George Osborne’s Autumn Statement and spending review will seek to show the chancellor delivering a comprehensive plan to balance the books by 2020.
He needs to reshape the public sector and resolve his difficulties over plans to cut tax credits.
The statement is designed to restore his dented political credibility and is likely to have the following themes:
1. The economy has grown in line with the Office for Budget Responsibility’s July forecast, so there are few reasons for the fiscal watchdog to change the broad outlook. Inflation is lower than expected, raising the prospect that the cash size of the economy will expand less than the OBR thought. But productivity growth has recovered, removing one big risk to the forecast.

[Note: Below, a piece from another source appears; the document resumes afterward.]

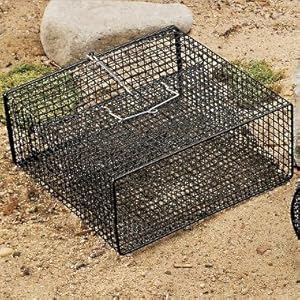 Product Description : The Frabill Flat Bottom Crawfish Trap, with its low profile, square shape, covers a large trapping area! Hinged back door makes baiting and retrieval easier than ever. Adjustable entry size. Heavy-duty vinyl dipped steel mesh construction for a long life. Black. 12 x 12 x 5". Trap yours today!
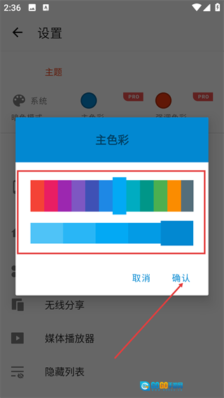 4、在选定目标颜色之后,点击【确认】按钮,即可完成主题色彩的设置。

2. The public finances are still likely to show the public debt burden falling from this year on and recording a surplus by 2019-20, meeting Mr Osborne’s fiscal rules, but with a smaller margin for error than the £10bn he forecast in July. Lower interest rates reduce debt interest payments, offsetting weaker tax revenues and the addition of housing associations’ borrowing and debts to the books.
3. The spending review will remove 5 per cent of day-to-day public spending in real terms from government departments. Because health, schools, defence and overseas aid — three quarters of departmental spending — have some form of protection, unprotected departments face cuts of about 27 per cent. Police, justice and local government have most to fear.